**PROBLEM**
Omit the images, then output each of the records below exactly.

::::::::

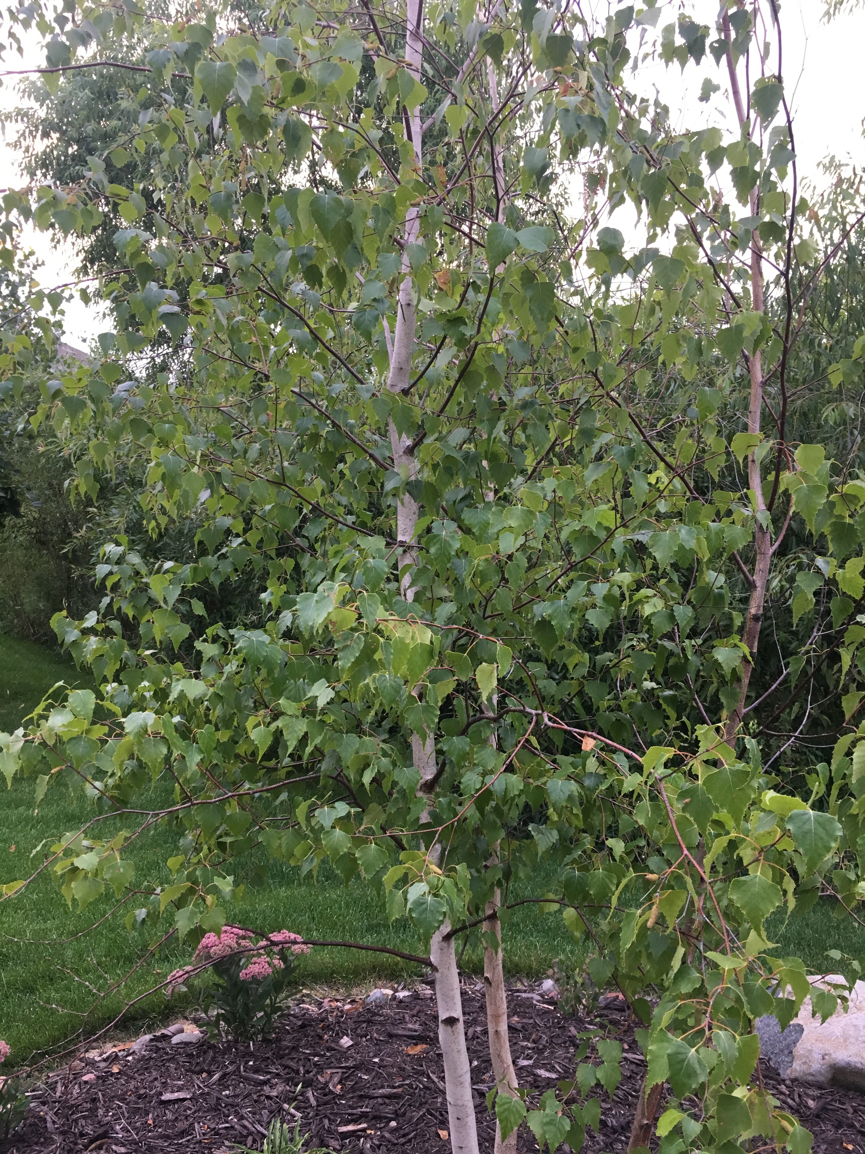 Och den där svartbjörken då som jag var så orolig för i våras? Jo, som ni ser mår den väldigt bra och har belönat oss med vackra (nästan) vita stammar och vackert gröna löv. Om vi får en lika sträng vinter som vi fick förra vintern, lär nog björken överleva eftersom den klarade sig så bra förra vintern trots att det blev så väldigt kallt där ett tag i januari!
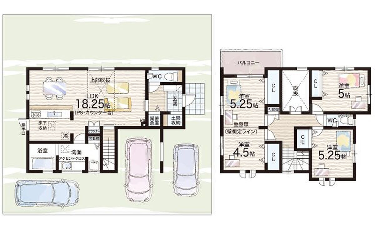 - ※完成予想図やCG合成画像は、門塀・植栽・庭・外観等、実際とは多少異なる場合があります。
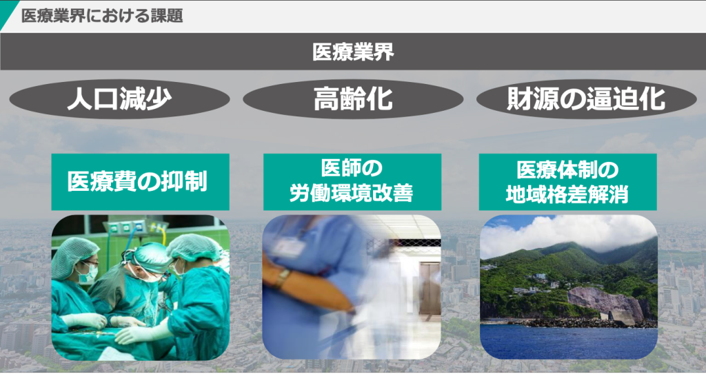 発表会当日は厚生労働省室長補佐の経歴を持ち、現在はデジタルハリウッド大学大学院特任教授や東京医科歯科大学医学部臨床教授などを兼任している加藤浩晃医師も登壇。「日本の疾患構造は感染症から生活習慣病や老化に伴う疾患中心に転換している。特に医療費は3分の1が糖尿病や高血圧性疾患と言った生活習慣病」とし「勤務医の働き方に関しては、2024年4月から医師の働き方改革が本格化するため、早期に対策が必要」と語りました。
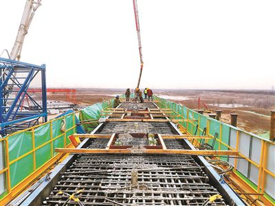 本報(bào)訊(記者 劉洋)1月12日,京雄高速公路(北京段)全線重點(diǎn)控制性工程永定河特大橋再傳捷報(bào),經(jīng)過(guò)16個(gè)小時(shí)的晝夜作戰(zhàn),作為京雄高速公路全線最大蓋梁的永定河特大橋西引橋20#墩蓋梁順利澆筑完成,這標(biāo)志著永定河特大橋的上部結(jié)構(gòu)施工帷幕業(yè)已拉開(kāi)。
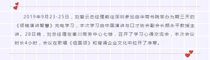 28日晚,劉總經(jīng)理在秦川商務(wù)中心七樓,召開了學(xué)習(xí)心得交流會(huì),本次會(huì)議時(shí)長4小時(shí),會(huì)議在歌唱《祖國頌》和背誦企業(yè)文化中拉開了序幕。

::::::::

**EXERCISE RESPONSE**
 Och den där svartbjörken då som jag var så orolig för i våras? Jo, som ni ser mår den väldigt bra och har belönat oss med vackra (nästan) vita stammar och vackert gröna löv. Om vi får en lika sträng vinter som vi fick förra vintern, lär nog björken överleva eftersom den klarade sig så bra förra vintern trots att det blev så väldigt kallt där ett tag i januari!
 - ※完成予想図やCG合成画像は、門塀・植栽・庭・外観等、実際とは多少異なる場合があります。
 発表会当日は厚生労働省室長補佐の経歴を持ち、現在はデジタルハリウッド大学大学院特任教授や東京医科歯科大学医学部臨床教授などを兼任している加藤浩晃医師も登壇。「日本の疾患構造は感染症から生活習慣病や老化に伴う疾患中心に転換している。特に医療費は3分の1が糖尿病や高血圧性疾患と言った生活習慣病」とし「勤務医の働き方に関しては、2024年4月から医師の働き方改革が本格化するため、早期に対策が必要」と語りました。
 本報(bào)訊(記者 劉洋)1月12日,京雄高速公路(北京段)全線重點(diǎn)控制性工程永定河特大橋再傳捷報(bào),經(jīng)過(guò)16個(gè)小時(shí)的晝夜作戰(zhàn),作為京雄高速公路全線最大蓋梁的永定河特大橋西引橋20#墩蓋梁順利澆筑完成,這標(biāo)志著永定河特大橋的上部結(jié)構(gòu)施工帷幕業(yè)已拉開(kāi)。
 28日晚,劉總經(jīng)理在秦川商務(wù)中心七樓,召開了學(xué)習(xí)心得交流會(huì),本次會(huì)議時(shí)長4小時(shí),會(huì)議在歌唱《祖國頌》和背誦企業(yè)文化中拉開了序幕。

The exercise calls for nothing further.